BigBirdPegasus model (large)

BigBird, is a sparse-attention based transformer which extends Transformer based models, such as BERT to much longer sequences. Moreover, BigBird comes along with a theoretical understanding of the capabilities of a complete transformer that the sparse model can handle.

BigBird was introduced in this paper and first released in this repository.

Disclaimer: The team releasing BigBird did not write a model card for this model so this model card has been written by the Hugging Face team.

Model description

BigBird relies on block sparse attention instead of normal attention (i.e. BERT's attention) and can handle sequences up to a length of 4096 at a much lower compute cost compared to BERT. It has achieved SOTA on various tasks involving very long sequences such as long documents summarization, question-answering with long contexts.

How to use

Here is how to use this model to get the features of a given text in PyTorch:

from transformers import BigBirdPegasusForConditionalGeneration, AutoTokenizer

tokenizer = AutoTokenizer.from_pretrained("google/bigbird-pegasus-large-pubmed")

# by default encoder-attention is `block_sparse` with num_random_blocks=3, block_size=64
model = BigBirdPegasusForConditionalGeneration.from_pretrained("google/bigbird-pegasus-large-pubmed")

# decoder attention type can't be changed & will be "original_full"
# you can change `attention_type` (encoder only) to full attention like this:
model = BigBirdPegasusForConditionalGeneration.from_pretrained("google/bigbird-pegasus-large-pubmed", attention_type="original_full")

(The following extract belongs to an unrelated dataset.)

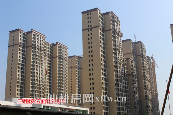 三组团外立面已经清洗完毕,现已呈现。为了能保证到每户的日照与采光时间,由现场照片可以看出,25#楼采取的是两段高,中间楼栋低的设计,大程度的给予每一户业主充足的阳光。接下来的工作便是小区内的地面整平以及绿化施工。

# you can change `block_size` & `num_random_blocks` like this:
model = BigBirdPegasusForConditionalGeneration.from_pretrained("google/bigbird-pegasus-large-pubmed", block_size=16, num_random_blocks=2)

text = "Replace me by any text you'd like."
inputs = tokenizer(text, return_tensors='pt')
prediction = model.generate(**inputs)
prediction = tokenizer.batch_decode(prediction)

Training Procedure

This checkpoint is obtained after fine-tuning BigBirdPegasusForConditionalGeneration for summarization on pubmed dataset from scientific_papers.

BibTeX entry and citation info

@misc{zaheer2021big,
      title={Big Bird: Transformers for Longer Sequences}, 
      author={Manzil Zaheer and Guru Guruganesh and Avinava Dubey and Joshua Ainslie and Chris Alberti and Santiago Ontanon and Philip Pham and Anirudh Ravula and Qifan Wang and Li Yang and Amr Ahmed},
      year={2021},
      eprint={2007.14062},
      archivePrefix={arXiv},
      primaryClass={cs.LG}
}